The hosts and producers of the Uncertain Things podcast, Adaam James Levin-Areddy, and Vanessa M. Quirk, conduct interviews with experts with a variety of experiences to answer the question, “Now what? How did we get here and what is next?”. In this episode with Michael Kimmelman, they touch upon many interesting subjects, namely, The New York Times institution and its evolution, Kimmelman’s new book the Intimate City, and our overall understanding of communities in cities.
Michael Kimmelman is the architecture critic for The New York Times. He has written about public housing, public space, landscape architecture, and community development and equity. About a year ago, The New York Times created a new initiative, Headway, centered around investigating big global challenges through the lens of progress. The headway initiative sits outside the institution’s paywall, focusing on getting away from the 24-hour news cycle. In addition to Headway, Kimmelman recently published his latest book The Intimate City, which he wrote during the pandemic – a book that started out with a bunch of emails asking people to go on city walks with him. In each chapter, Kimmelman takes a walk with an expert in architectural urbanism, ecology, and many other fields, and discusses what they see through their eyes. Furthermore, the book is an unraveling of the embodied city and how much it represents our histories and holds our stories.
The discussion then veers onto the Headway organization and unfolds its main missions, through Kimmelman’s perspective. He describes that Headway was created for the writer and the reader to get “a little mental and emotional breathing room”, cultivating meaningful engaging relationships with audiences based on community building, rather than clickbait. They speak about Kimmelman’s first case study in the sub-institution, a story confronting homelessness in Anacostia, a neighborhood in Washington D.C. The discussion revolves around the activities Kimmelman held in Anacostia, organizing local community groups with hundreds of people, and exploring how to offset the negative effects of new infrastructural developments for the entire community. Moreover, the conversation reveals the embedded change that is inside a city, claiming that this evolution is not necessarily a threat to the built metropolis.
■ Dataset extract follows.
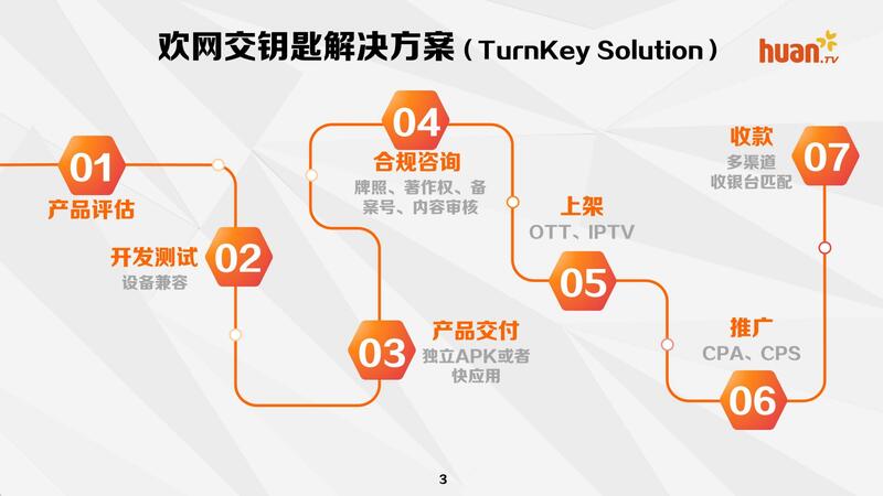 【流媒体网】摘要:欢网科技率先提出《欢网交钥匙解决方案》,基于自身资源和技术能力的整合,为用户提供从产品评估、开发测试、产品交付、合规咨询、上架、推广到收款的一站式、全链条服务。

They explore the role of local governments to provide security and stability for the people in the communities that are affected by the change, and question how these changes can potentially benefit communities.
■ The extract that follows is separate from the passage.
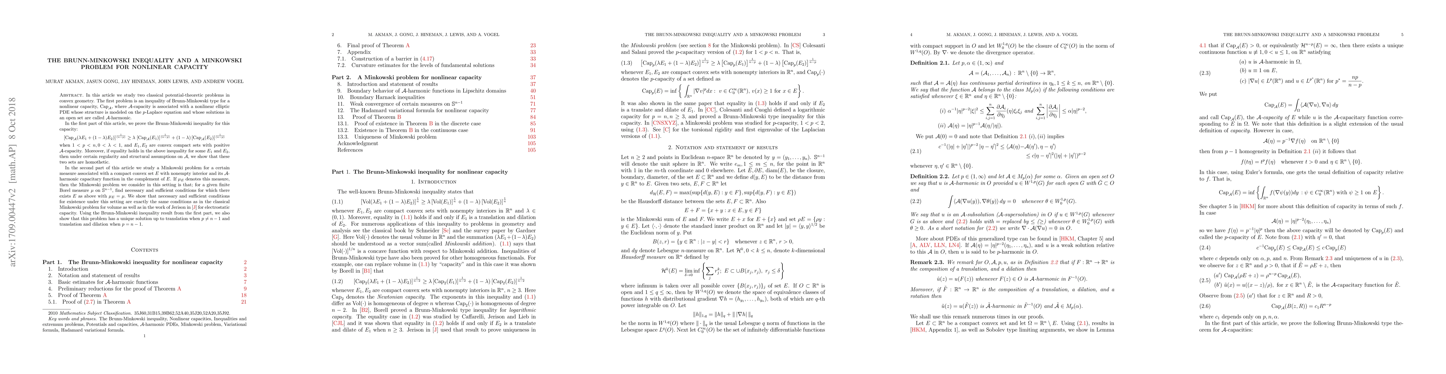 In this article we study two classical potential-theoretic problems in convex geometry corresponding to a nonlinear capacity, $\mbox{Cap}_{\mathcal{A}}$, where $\mathcal{A}$-capacity is associated with a nonlinear elliptic PDE whose structure is modeled on the $p$-Laplace equation and whose solutions in an open set are called $ \mathcal{A}$-harmonic. In the first part of this article, we prove the Brunn-Minkowski inequality for this capacity: \[ \left[\mbox{Cap}_\mathcal{A}(\lambda E_1 +(1-\lambda)E_2)\right]^{\frac{1}{(n-p)}}\geq\lambda\left[\mbox{Cap}_\mathcal{A}(E_1)\right]^{\frac{1}{(n-p)}}+(1-\lambda)\left[\mbox{Cap}_\mathcal{A}(E_2 )\right]^{\frac{1}{(n-p)}} \] when $1

The conversation, rooted in communities and meanings derived from cities, then goes on to investigate the true connotation of the word “community”. One of the hosts, Vanessa M. Quirk clarifies that this is a topic she has long tackled, the blurred lines of a community, and discovering who really is part of the group. Kimmelman suggests that the word “community” is a romantic suggestion that does not illustrate how layered the word truly is. Moreover, he claims that there is no such thing as an authentic voice of one group. There are instead many interests and many voices, and these can be fractured. He refers to the example of architectural preservation as another layered concept in the urbanist field. Similarly, he asserts that architectural preservation is less about builds and forms, and more about the life around these structures that means so much to the people using them. Using the Stone Wall as an example, Kimmelman explains the true depth of architectural preservation. Formerly a bar in Greenwich Village, The Stone Wall has no architectural merit whatsoever. However, due to its significance in the LGBTQ movement in the 1960s and because of what it represents, the idea of preservation becomes negotiable and valid. The bar is now a National Historic Landmark in New York. They go on to tackle the lack of definitions that have been created around architectural history and philosophy, and how it is an ever-evolving conversation that will never be fully completed, due to the complex and uncategorizable human aspect of cities.
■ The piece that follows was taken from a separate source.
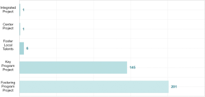 From 2015 to 2019, the NSFC received 3,197 applications and funded 354 population health projects from the Joint Funds. Table 2 shows the detailed information from each year. As shown in Figure 2, NSFC supported 201 Fostering Program projects, 145 Key Program projects, 6 Foster Local Talent projects, 1 Center project, and 1 Integrated project.

In conclusion, the hosts refer to Kimmelman’s new book: The Intimate City, and discuss the idea of slowness, and anti-doom scrolling culture. Kimmelman quotes Milan Kundera, “There is a secret bond between slowness and memory, just as there is between speed and forgetting”. Referring to the context of city walks and experiencing it on a time scale, he explains that this project was during covid, and it was his attempt to get away from the hour-by-hour panic that was spreading online. He explains that these walks revealed the city to be an embodied symbol of something longer lasting than us. Cities have long survived many epidemics and revolutions, they represent our greatest aspirations, and remind us of what we can potentially do to move forward.